By James L. Curtis and Craig B. Simonsen

OSHA’s Assistant Secretary David Michaels has just “reminded” the chief executive officers and retail trade associations that it is “critical … to take safety precautions to protect workers who may be injured during the holiday season’s major sales events, such as Black Friday sales.”

Holiday shopping has increasingly become associated with violence and hazards.
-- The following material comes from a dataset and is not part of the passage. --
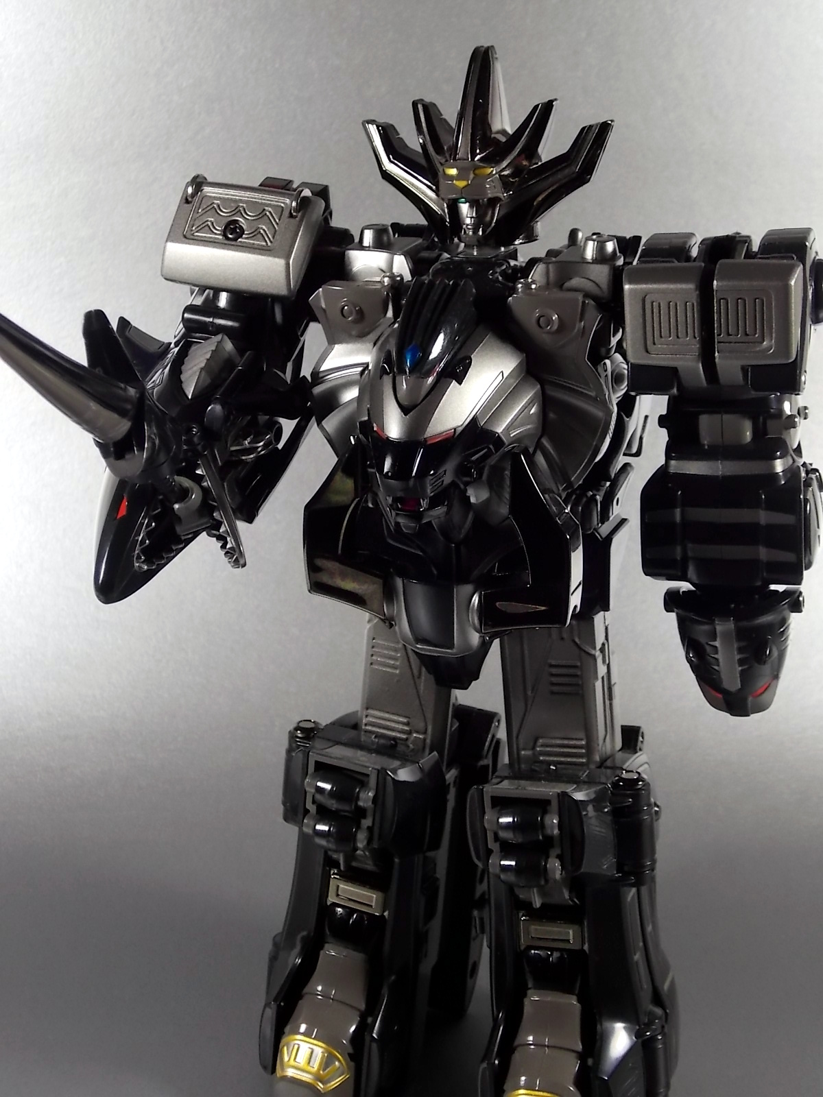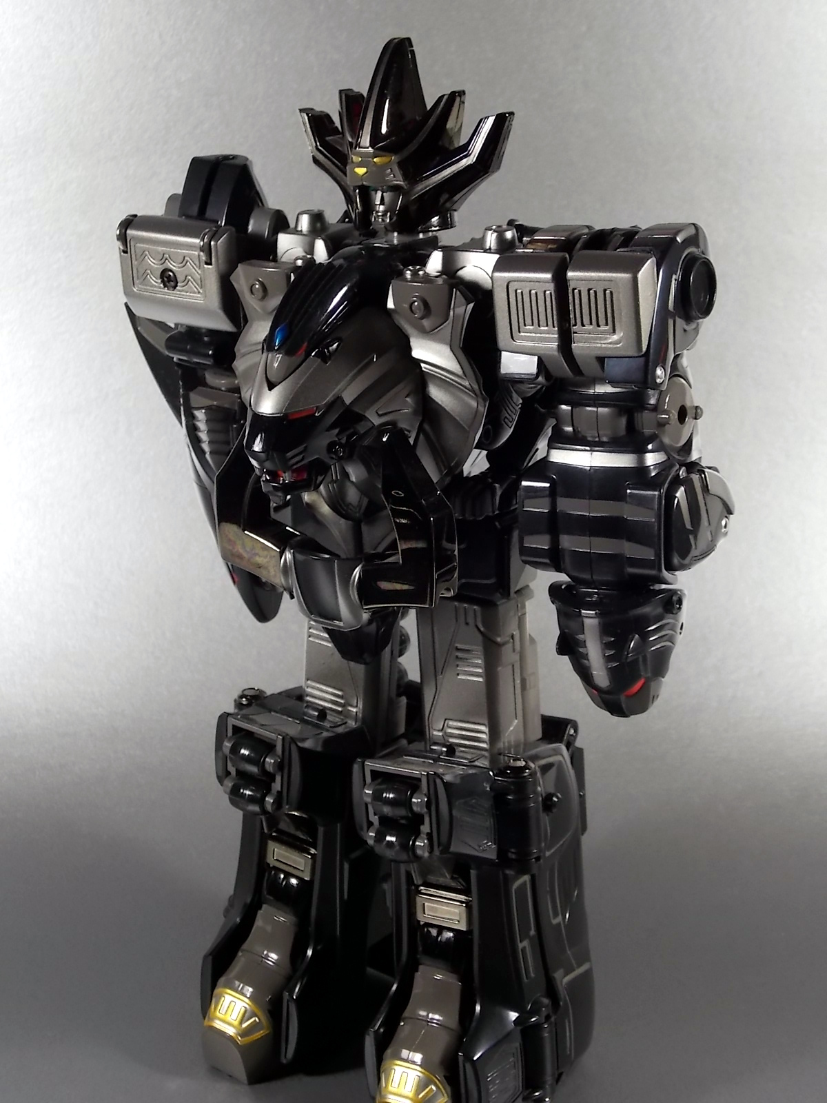 DX Black Gao King is a special repaint of the standard Gao King set done up in, you guessed it, black/silver, packed in a black/white version of the normal Gao King box. The set has a nice sleek uniform color scheme that's very pleasing to the eye. Though if you already have a normal Gao King this may not be a set you'd want to double up with. The Black Gao Elephant released with the TRU Gao Knight set is also a perfect addition to this set allowing you to make a full on Black Gao King Sword & Shield! Of course this set is part of a long long tradition of black repaints not only for sentai, but for mecha shows in general. The first black edition sentai robo being the Black Daizyujin later altered for release in the US as the Black MMPR Megazord. Want TokuNation.com updates on the go? "Like" us on Facebook and follow us @tokunation on Twitter!!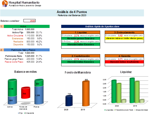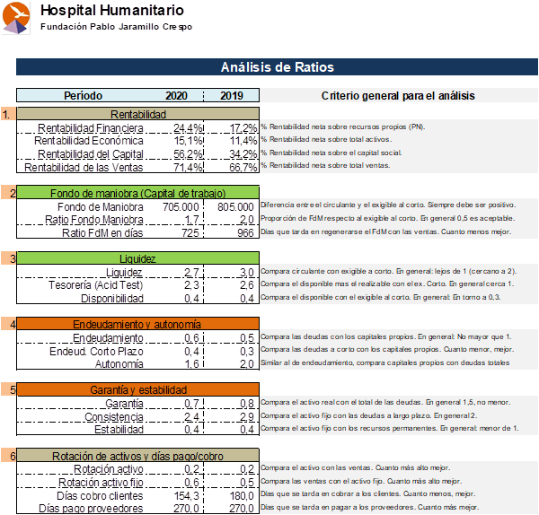 Con este análisis se pretende entregar al Hospital Humanitario una herramienta que le permita una toma de decisiones oportuna, así como también el poder ejecutar acciones preventivas y correctivas al encontrar desviaciones en los ratios analizados.

At one large national chain store in previous years “crowds who came looking for holiday deals came face-to-face with riots, shootings, and pepper-spray attacks”. CNN has noted that “violence marred Black Friday shopping in at least seven states, including California, where police say a woman doused fellow shoppers with pepper spray in a bid to snag a discounted video game console.”

In another  incident a worker was trampled to death while a mob of shoppers rushed through the doors of a big box store to take advantage of a Black Friday sales event. According to OSHA the store was not using the crowd management measures recommended in OSHA’s fact sheet – Crowd Management Safety Guidelines for Retailers, which provides employers with recommended elements for crowd management plans.

Michaels pointed out in his reminder that under the federal law “employers are responsible for providing a place of employment free of recognized hazards that are likely to cause serious injury or death.

Retailers are advised to review and implement the OSHA suggestions for crowd management. Adopting, implementing, and training store employees on the crowd management plan will both lessen the risk of employee and shopper incidents, and will assist the employer in fending off potential OSHA enforcement proceedings, should an accident occur.